Which brings us to the final point…

Timing. Apple surely hasn’t forgotten that its move to the Intel platform was hampered by Adobe’s long-delayed port of Photoshop and the rest of the Creative Suite. Apple’s move to Leopard is unlikely to fare much better. Leopard represents a new opportunity for Apple to out-innovate and out-deliver its competitors, but Adobe won’t be able to keep pace.

Meanwhile, Adobe has been pushing the Photoshop brand while slowing technical innovation, which it has been able to afford this because Photoshop hasn’t had a credible competitor.

Photoshop is a great product. It needs a great competitor.

And who better than Apple, with a new OS, powerful core libraries, and seasoned expertise at building large professional applications?

8 Responses to “Where’s Apple’s killer image app?”

  1. Tom Barta

    I agree 100%; I’ve been making this argument for years. It always irritated me 1) how much effect Adobe’s lackadaisical efforts had on Apple 2) How much they kow-tow to the Windows crowd, who shouldn’t be trying to do serious image work in Windows to begin with.

    Apple should write a Reader/Distiller killer, too. Preview is already better than half-way there.

  2. Leo

    Yet ANOTHER photo application. That’s original.

    Oh, I have another, what about another text editor? You know, we don’t have enough of those either.

  3. Jake A. Smith

    Leo, who said anything about a photo app? Sure, photoshop is great for photos, but it’s used for so much more! I think Apple could pull off an amazing imaging app, but i think such an app is at least a year or two off.

  4. Sebhelyesfarku

    Btw, Apple bought its “killer” apps, like iTunes, Coverflow, Logic, Motion, Final Cut etc.

  5. James Katt

    Apple can easily buy Adobe.
    Apple can then ditch the Windows versions and keep the Mac versions.
    Then Photoshop will update much more quickly with a Mac centric version.

  6. PECourtejoie

    Photoshop engineers first jumped to OS X, had to recode everything, used to code in codewarrior, rewrite everything to work with Xcode, that was not very mature at the time, and now will need to recode everything in Cocoa… If that is not commitment to a platform, I wonder what would it be.

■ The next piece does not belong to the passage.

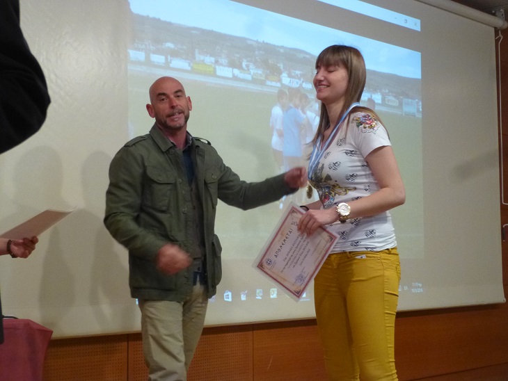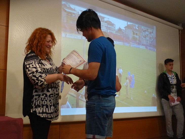 Τα βραβεία και τα μετάλλια στην ομάδα ποδοσφαίρου, απένειμε η Αντιδήμαρχος Λαμιέων, Βίβιαν Αργύρη.
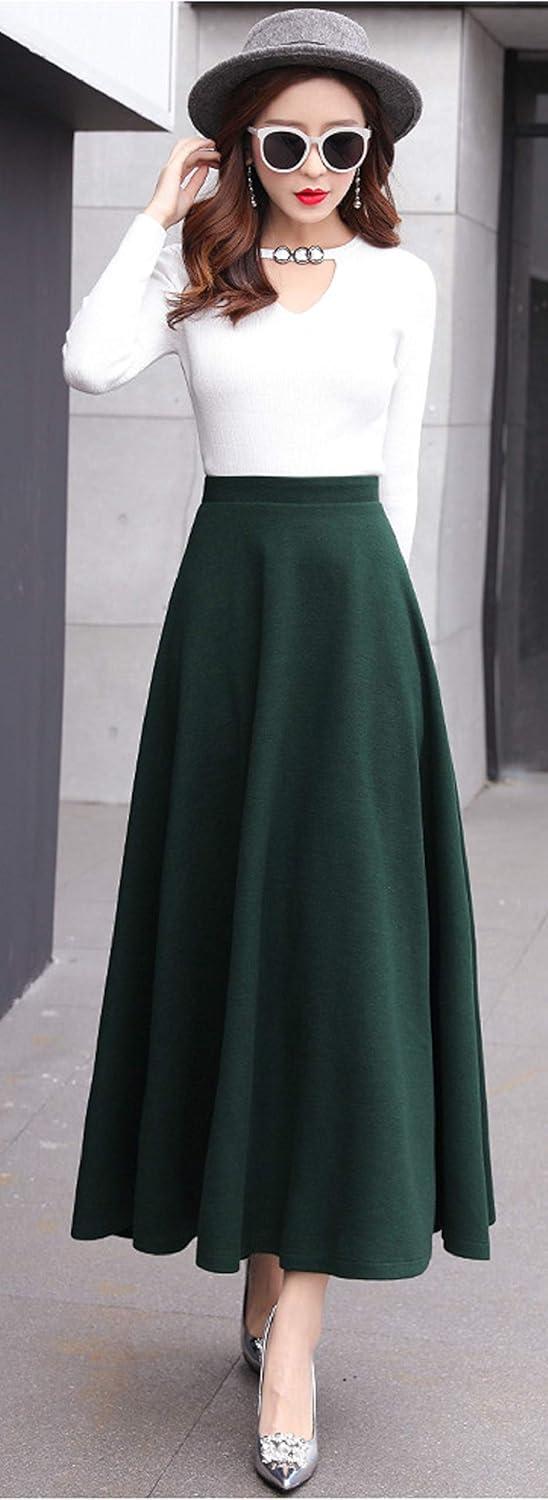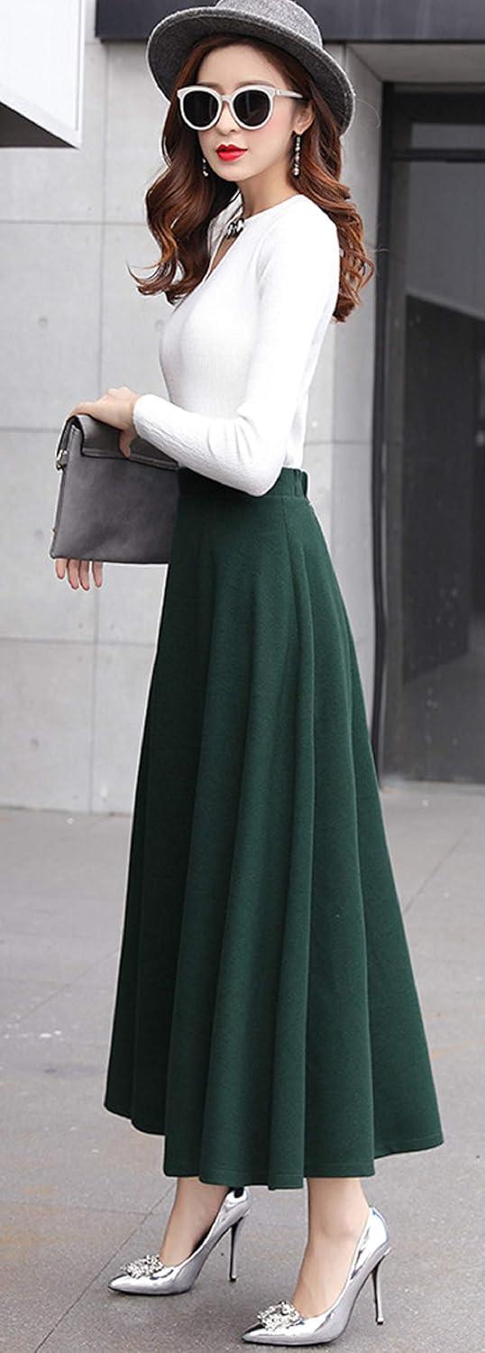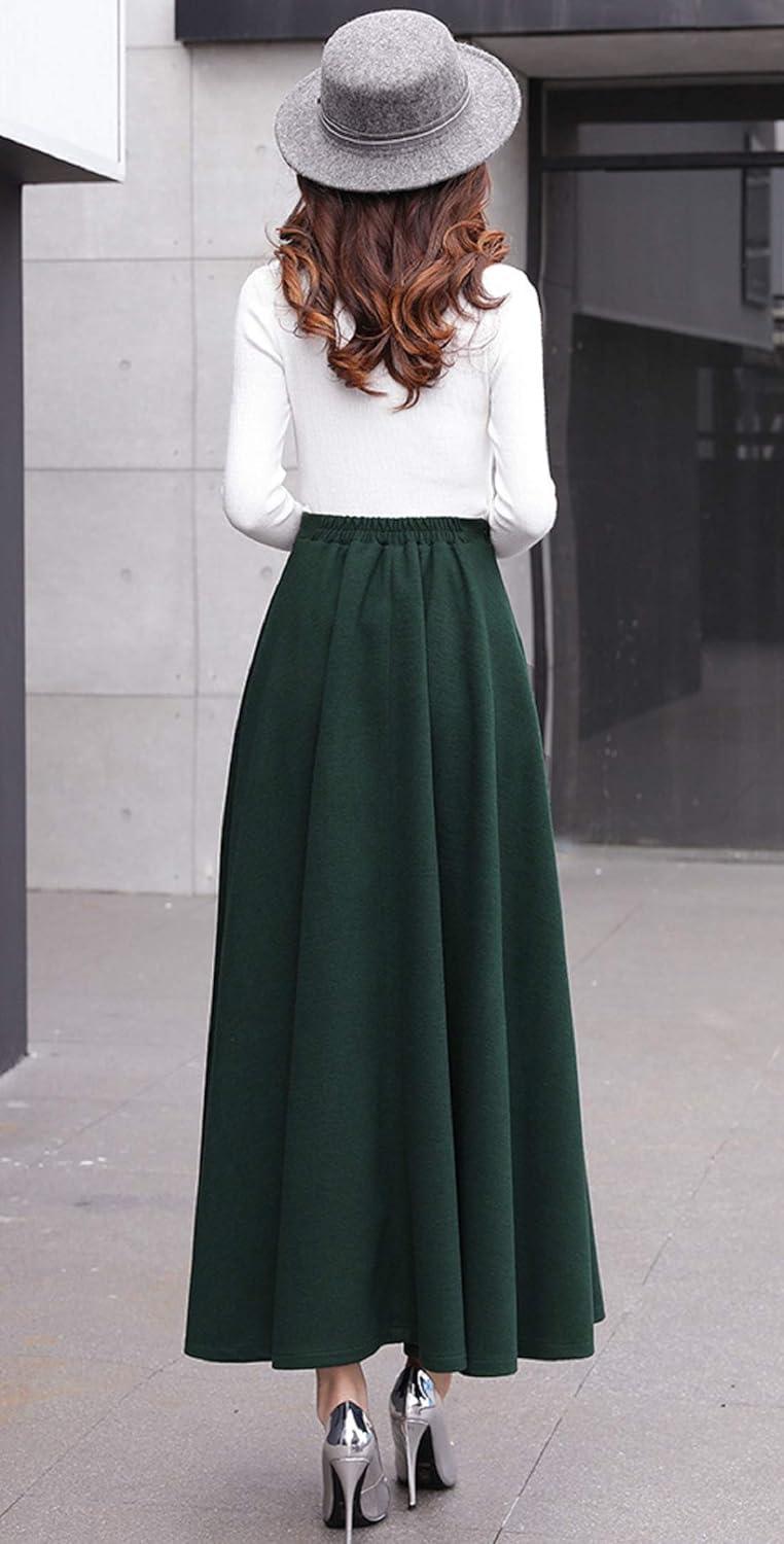 CHARTOU Women’s Stretchy High Waist Woolen Flared A Line Swing Maxi Long Skirt(Dark Green)

    James, it seems that you do not use Aperture, nor a camera that can produce raw files… Compare that to the Lightroom/Camera Raw updates.

  7. KIMP

    Great site! Just discovered it…

    For years I’ve been saying this to fellow worker. I’ve been working in the graphic design industry since 1996. Seriously, with the technology and especially the way Adobe “behave” with their Apple products… Apple should simply do it.

    Yeah Apple did buy almost ALL of their killer apps; iTunes, Coverflow, Logic, Motion, Final Cut etc. But buying Adobe is another thing. Apple has $15.4 billion in cash the company has accumulated—$5 billion in the past year (according to Fortune). Abode is worth $25 billion so…

    But as the past as shown, Apple would probably buy a smaller software/company that has a bright future.

    One image processing software that really impressed is Pixelmator. Its still in its infancy but its use of the Core features of the Mac OSX is very surprising. Sure it needs to mature a lot and add some very important and professional features, but thats actually something the Apple guys could deliver!

  8. Egill

    Totally agree!

    But just wondering, from whom did Apple buy their cool apps, like Sebhelyesfarku and KIMP said?